Хотя во время бар мицвы еврей в Довидле крепко спал, сейчас он, будучи постоянно востребован, поднял голову и пустился в рост. Оказалось, что идиш, с младенчества забытый, никуда не делся. Довидл поглощал знания с волчьим аппетитом и превзошел некоторых своих учителей. Его вопросы, отчасти еретические, они переадресовывали Молодому ребе, который всегда знал ответы, но не всегда ими удостаивал. Ребе был вместилищем всех знаний, однако, подобно Иосифу в Египте, регулярно их пополнял, подкапливая в закромах запасы на случай бесхлебицы. Довидл был убежден: обратись он к ребе с каким-нибудь музыкальным затруднением, тот, хоть и не умея прочесть партитуру, но обладая прекрасным слухом и блестящим умом, решил бы его с помощью одной только логики. А если бы при этом понадобилось расшифровать значки на листе, он бы за какой-нибудь час выучился читать ноты по самоучителю. Ни один из известных Довидлу музыкантов не смог бы разрешить теологический парадокс и со знанием дела порассуждать о происхождении Вселенной. Ребе же обладал такими залежами информации и такими аналитическими способностями, что ему под силу было все, с чем бы он ни столкнулся. Эти качества всегда восхищали его во мне, но ребе меня затмил.

Однажды утром, когда они со Шпильманом изучали арамейский, язык мистической каббалы, к их пюпитру в синагоге поднялся Молодой ребе. Они встали.

— Прошу прощения, — сказал ребе, — но, вероятно, придется переправить нашего гостя в более надежное место.

В дрожавшей руке он сжимал письмо от президента Совета депутатов британских евреев, в котором медзыньскую общину извещали о пропаже скрипача польско-еврейского происхождения и просили при возникновении любой информации известить, через Совет, столичную полицию. В письме не было ни единого намека на то, что исчезнувший музыкант находится у медзыньцев, и все же письмо на официальном бланке, с тисненой шапкой смутило ребе, а упоминание о полиции обострило его страхи.

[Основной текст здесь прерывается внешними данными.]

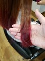 ベースはピンク系のブラウンにすそにレッド系の色をオン!ワンランク上のおしゃれカラー 巻いたりして動きを出しても可愛いです☆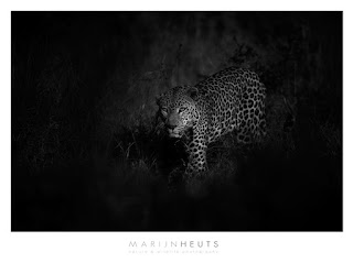 Probably the most sought after subject on a photographic safari to Africa is the majestic and elusive leopard. Because of their secretive nature and perfect camouflage, they are hard to spot (pun intended). Lurking in the dense foliage of riverine forest or the undergrowth of more open savanna, we will often be very close to them without us ever knowing. As is often said, it is only to a leopard to decide when it wants to be seen. A decent sighting of a leopard remains a special treat on any safari, and still, after several encounters, I get shivers down my spine and an unfamiliar fear of failure creeps upon me when I see on in the open. With all other subjects, I just calmly aim, focus, decide on the composition and fire away. But with leopards, I first have to control myself before controlling the camera, which greatly increases the chance of technical mistakes. I am happy to have succesfully overcome my leoparditis on most occasions, with the proof in my archives. Above is an image of a huge male, moving through the high grass on a sunny winters day. Around noon, shadows are deep and dark and the rosette pattern of the skin enables this fat cat to blend with the surroundings. We followed it for a while, losing sight of it often, only to relocate it when we saw movement in a sunlit patch somewhere further up in the field. By underexposing and converting into B&W, I was able to create this moody image.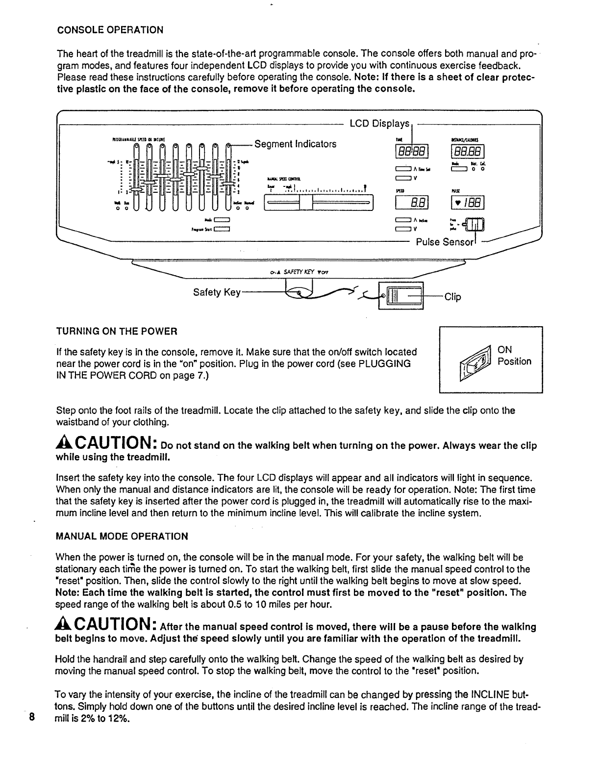 1. Position the treadmill on a level surface, with at least 8 feet of clearance behind the treadmill. Do not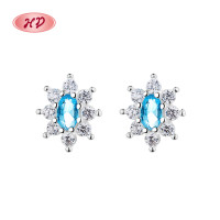 Blue Flower Cubic Zircon Vintage Classic For Ladies Vintage Fashion Jewelry Stud Earrings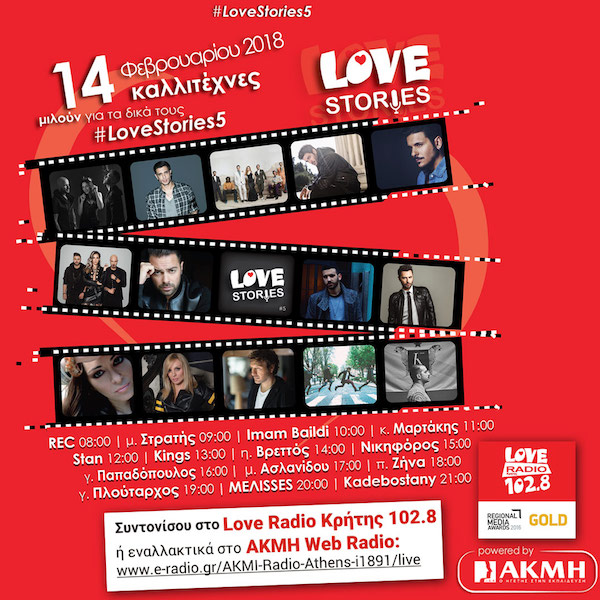 «Love Stories 5»…. με τους (με σειρά μετάδοσης): REC, M. Στρατή, Imam Baildi, Κώστα Μαρτάκη, STAN, Kings, Η. Βρεττό, Νικηφόρο, Γ. Παπαδόπουλο, Μ. Ασλανίδου, Π. Ζήνα, Γ. Πλούταρχο, MELISSES, Kadebostany.

— Из Лондона надо уезжать, — сказать ребе. — На севере недавно открыта ешива на сорок студентов. Там все носят темные бороды и длинные капоты. Новый человек не будет бросаться в глаза.

— А надолго мне туда? — спросил Довидл, поражаясь собственной покорности.

— На месяц, на год, как захочется, — успокоил его Шпильман. — Вернешься талмид хохем, ученым человеком, и мы подыщем тебе шидух, милую невесту.

— Когда ехать? — спросил Довидл.

— Машина у ворот, — ответил Молодой ребе, протягивая ему худую — кожа да кости — руку.

Довидл наклонился и поцеловал эту руку, в венах которой, казалось, не было ни кровинки. Он чувствовал: это еще одно расставание навсегда, он больше не увидит этого человека.

На то, чтобы взять скрипку, принадлежности для молитвы и смену одежды из дома Шпильмана, потребовалось всего несколько минут. На обратном пути в молельный дом он на той стороне улицы увидел рабочего в синем комбинезоне и кепке — ростом и комплекцией точь-в-точь тот водопроводчик на автобусной остановке. Прикрывая лицо сумкой с талитом, Довидл юркнул в поджидавшее авто и попросил сидевшего за рулем Шпильмана немедленно трогать. Неужели за ним следят? Это уже не имело значения, и все-таки ему хотелось поскорее уехать и сменить атмосферу.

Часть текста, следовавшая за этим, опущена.